Automated Machine Learning with scikit-learn

https://automl.github.io/auto-sklearn

BSD 3-Clause "New" or "Revised" License

7.62k stars 1.28k forks source link

Incremental Learning or partial_fit? #1567

Open luckyhug opened 2 years ago

luckyhug commented 2 years ago

Does auto-sklearn support incremental learning or partial_fit?

when the dataset is too big for the RAM, (About 230+GB, although I can store it in a list, there's not enough memory to convert the list to an np array)

Is there any advice or examples on dealing with this dataset?

Thank you very much!

eddiebergman commented 2 years ago

Hi @luckyhug,

No I think there's not much way to effectively use that much data in autosklearn natively.

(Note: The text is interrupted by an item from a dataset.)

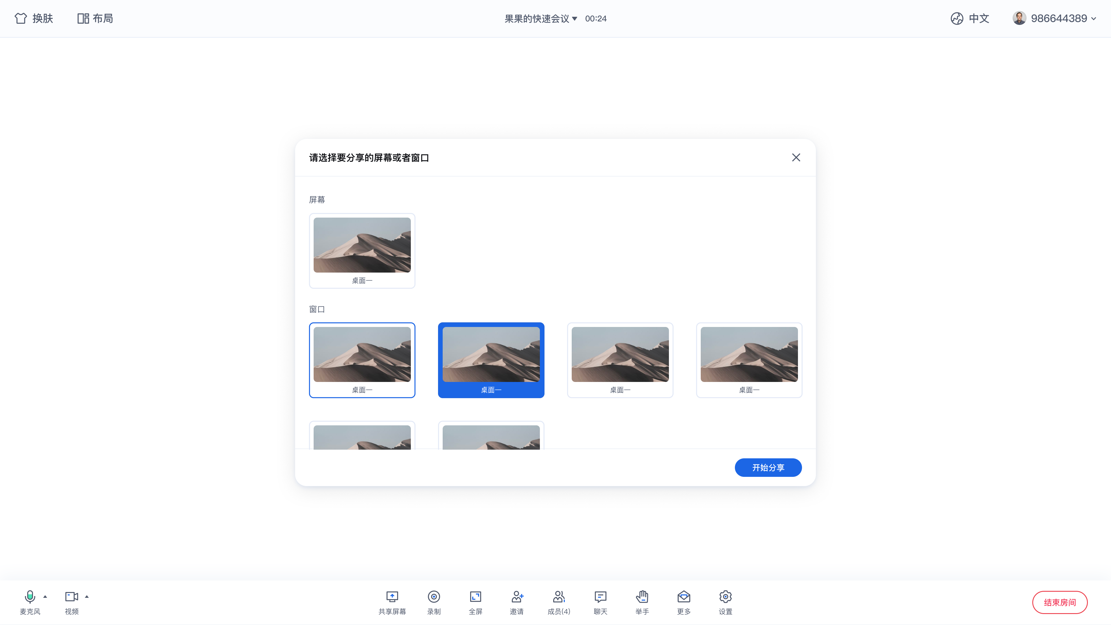端用户进入房间后,通过点击底部工具栏共享按钮,可以实现屏幕共享操作。共享屏幕选择窗口或屏幕 | 共享屏幕中 |

My only suggestion would be to run auto-sklearn on a subsample of that data and use show_models() to inform which models and hyperparameters to use for the next step of your pipeline in terms of which configurations to fit and handle the incremental learning and partial fitting in a custom manner.

Best, Eddie

jonaslandsgesell commented 2 years ago

@luckyhug did you consider down casting numerical values from e.g. float64 to float16 already? This could reduce your memory consumption by a factor of 4.

eddiebergman commented 2 years ago

@jonaslandsgesell good idea! We automatically do that already if the dataset is too large. We also automatically subsample the data if it's too large to fit in memory, but this means all of that original data can not be used then.